Few issues arouse such strong passions as immigration, where concrete economic and social challenges overlap with the fundamental concept of national identity. It is thus not surprising that Europe is having difficulty in coming to grips with the current refugee crisis.
Until now EU countries were operating under the so-called Dublin system, through which frontier countries have to bear all the responsibility of dealing with asylum seekers (registering them, providing support, and processing asylum applications). This system is not tenable when hundreds of thousands of arrivals overwhelm the capacity of EU frontier states like Greece and Italy.
The EU must move toward a fairer sharing of the responsibility. The new approach asks that asylum seekers be distributed across different member countries according to economic, demographic, and structural capacities to integrate the migrants, while taking into account, to the extent possible, their private and family links with specific member states.
Recent decisions go in this direction.
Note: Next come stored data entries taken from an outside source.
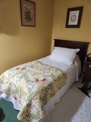 - This beautifully quilted throw features a botanical pattern with scalloped edges, adding a touch of elegance to any space. Its timeless design enhances the aesthetic of your living room, bedroom, or patio, creating a serene atmosphere in any setting.
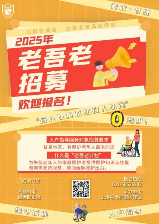 2025年04月14日 来源: 甘泉路街道家有一老,如有一宝。但随着人口老龄化加速,照顾家中失能、失智老人,成了不少家庭的难题。别担心,甘泉路街道 2025“老吾老计划”项目暖心上线,免费为大家送福利,为家有失能、失智老年人的家庭照护者提供专业的照护知识与技能培训服务,全方位提升老年生活幸福感,家属们的福音来啦!
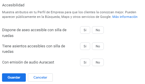 - Añadir atributos en Google Business Profile
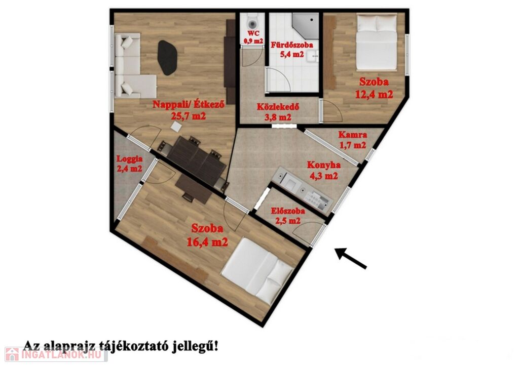 A világos, jó elosztású ingatlan kisebb méretű loggiával rendelkezik, amely tovább növeli a lakás élhetőségét. Egy tisztasági festést követően azonnal költözhető, így akár rövid határidővel is birtokba vehető. Elhelyezkedésének és adottságainak köszönhetően nemcsak otthonnak, hanem irodai vagy egyéb vállalkozási célra is kiváló választás lehet.
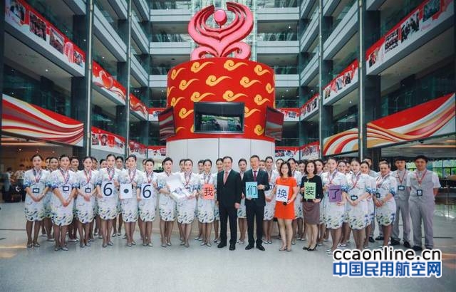 海南航空总裁徐军、人力资源总监权栋与海南航空乘务员代表合影(摄影 宁隆宇)
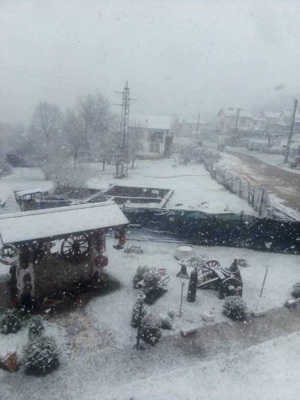 Сняг натрупа в Трън все едно е януари, а не април
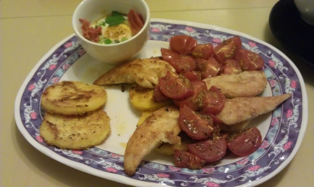 I was thinking of Egg, Polenta and a Chicken salad but I thought that would be too dry. Roasted tomatoes would give the whole dish more moisture and a little more flavour than a salad. I’ve only used Polenta twice before, the first time I used the instant Polenta and pretty much hated it as did my wife. I gave it a second chance, this time buying a proper bag of coarse Polenta maize. It turned out much better, although still not to my wife’s satisfaction. This time, I thought I would do something different and make Polenta fritters so after a quick search on the internet I had a few ideas on how to make it. Unfortunately there seems to be quite a few budding chefs out there that have totally different ideas on how to do it! I largely ended up guessing how it should be done, but I was pleased with the results (and the wife loved it, so it definitely worked out). I also had to guess how eggs were supposed to be baked but I reckoned I could work that one out myself, after all… it’s only baking an egg?
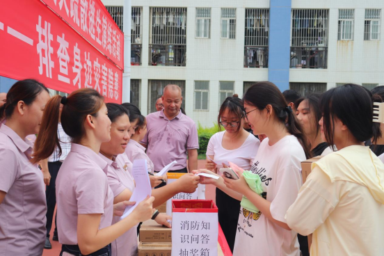 演练结束后,在疏散集合点进行了演练点评与总结。活动现场首次增设了消防知识有奖问答环节,寓教于乐,让师生们在轻松愉快的氛围中学习消防知识,取得了良好效果。
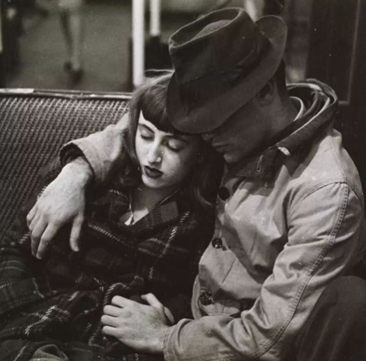 一对情侣在纽约的地铁上
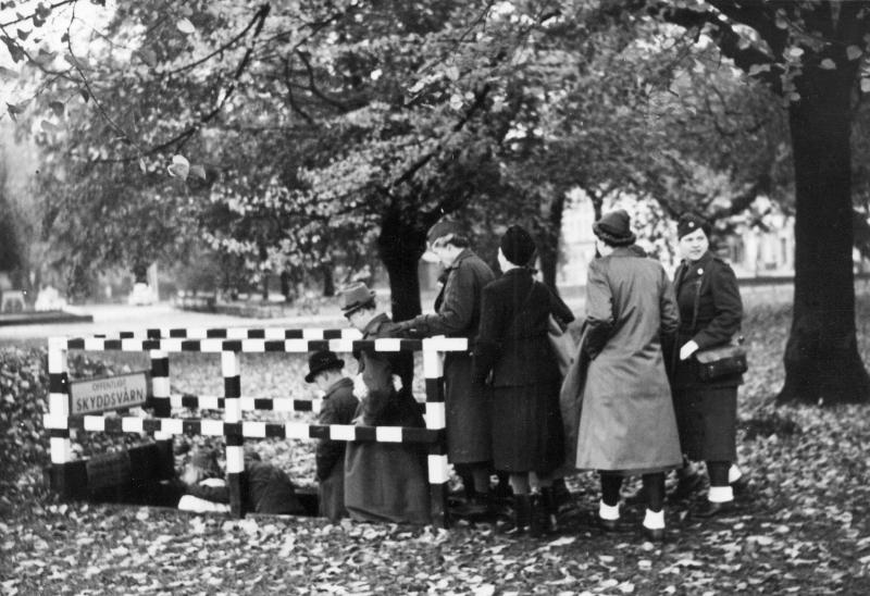 ROO 004961 :: kvinna, kvinnor, man, luftskyddsövning, flyglarm, män, skyddsrum
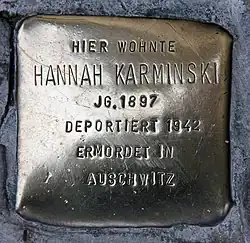 On December 9, 1942, Hannah Karminski - ill, with a high fever - was arrested and deported from Berlin to Auschwitz-Birkenau, with the 24th Osttransport, with over 1000 people.[7] There, she was murdered on June 4, 1943.[8]
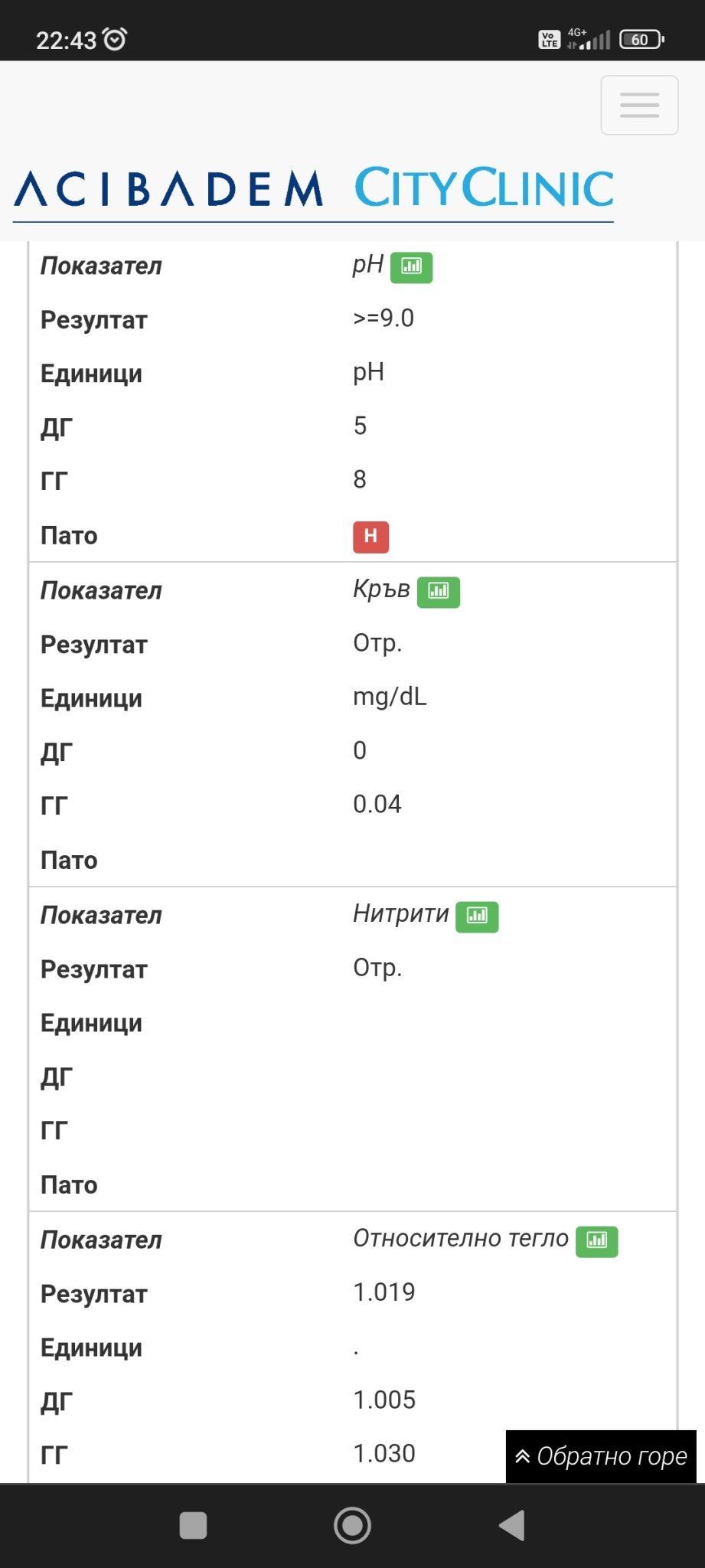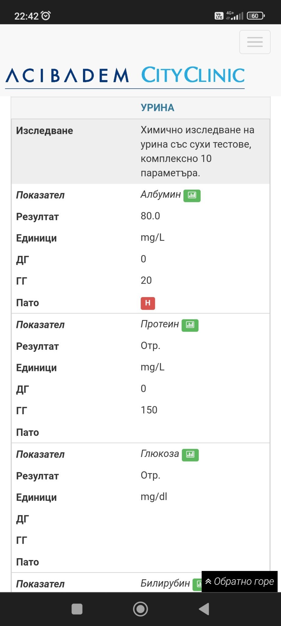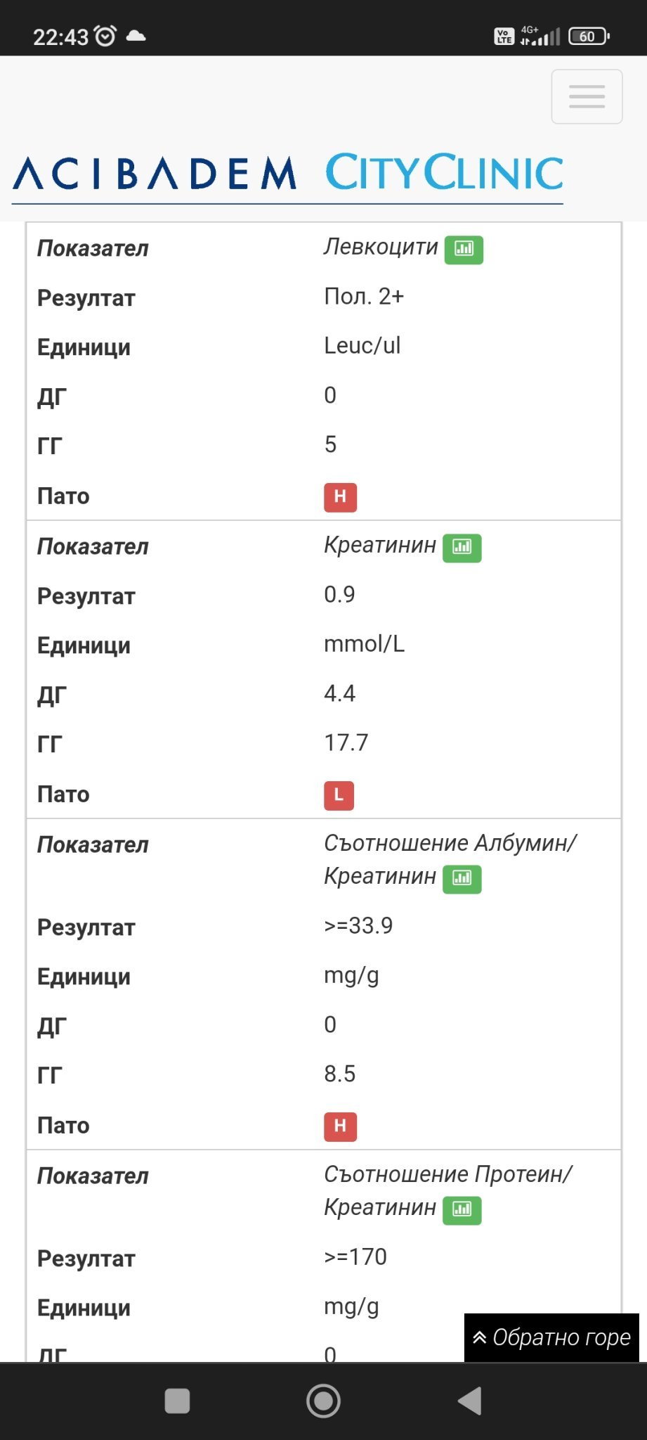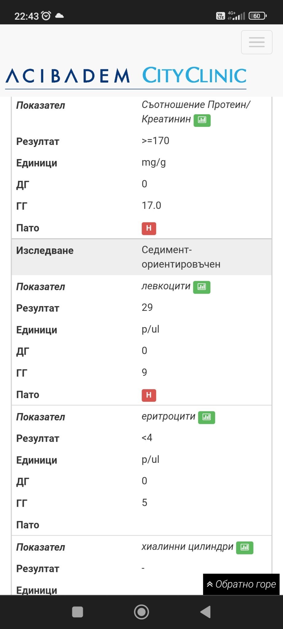 Това са изследванията от Урината, които сочат към Бъбречни проблеми, а ми е правен ИЗ и Скенер преди два месеца и освен киста в левия бъбрек нищо друго не намериха.
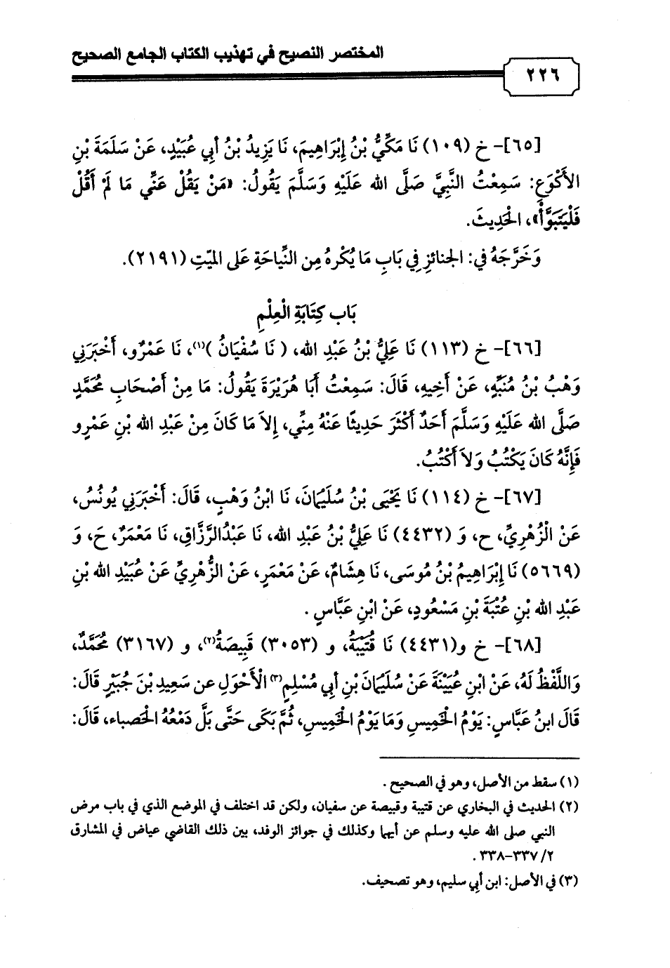 [68]- خ و (4431) نَا قُتَيْبَةُ، و (3053) قَبِيصَةُ (¬2)، و (3167) مُحَمَّدٌ، وَاللَّفْظُ لَهُ، عَنْ ابْنِ عُيَيْنَةَ عَنْ سُلَيْمَانَ بْنِ أبِي مُسْلِمٍ (¬3) الْأَحْوَلِ عن سَعِيدِ بْنَ جُبَيْرٍ قَالَ: قَالَ ابنُ عَبَّاسٍ: يَوْمُ الْخَمِيسِ وَمَا يَوْمُ الْخَمِيسِ، ثُمَّ بَكَى حَتَّى بَلَّ دَمْعُهُ الْحَصباء، قَالَ:
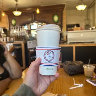 a hand holding a coffee cup
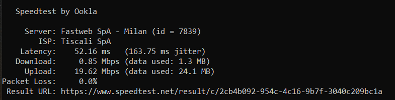Mentre di solito la notte cadeva la PPOE e la mattina ero forzato a riavviare perché rimaneva la spia rossa sul simbolo di internet, stavolta non è caduta, tuttavia la velocità è calata fino a sotto al mega in download e 20 regolari in upload (speedtest fatto con CLI e cavo ethernet).
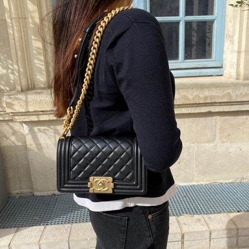 [스페셜오더]CHANEL-A67085 샤넬 블랙 골드 메탈릭 램스킨 골드메탈 보이 샤넬 스몰 플랩백
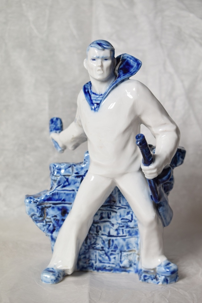 Фарфор на выставке представлен работами известных мастеров фарфорового искусства, такими как Сергей Соколов (1956), Нина Троицкая (1959), Андрей Ларионов (1948–1991) и другие. Привлекают внимание фарфоровые фигурки Ольги Богдановой (1921–2006): они воплощают трогательный героизм защитников. «Нахимовец» Асты Бржезицкой (1912–2004) представляет образ юного героя, символизирующий мужество и преданность Родине. Уникальная скульптура «Маршал Ворошилов» (1940) Роберта Таурита (1906–1969) воплощает образ военачальника, ставшего символом силы и лидерства в годы войны.

At the Extraordinary Justice and Home Affairs Council Meeting of September 22, 2015, European heads of state decided to relocate 120,000 refugees from Greece and Italy). Legally speaking, this new approach to relocation introduces only a temporary derogation from the Dublin asylum system. It foresees a mandatory distribution model among EU member states according to new distribution criteria, including the size of the population, the gross domestic product, the average number of past asylum applications, and unemployment rates.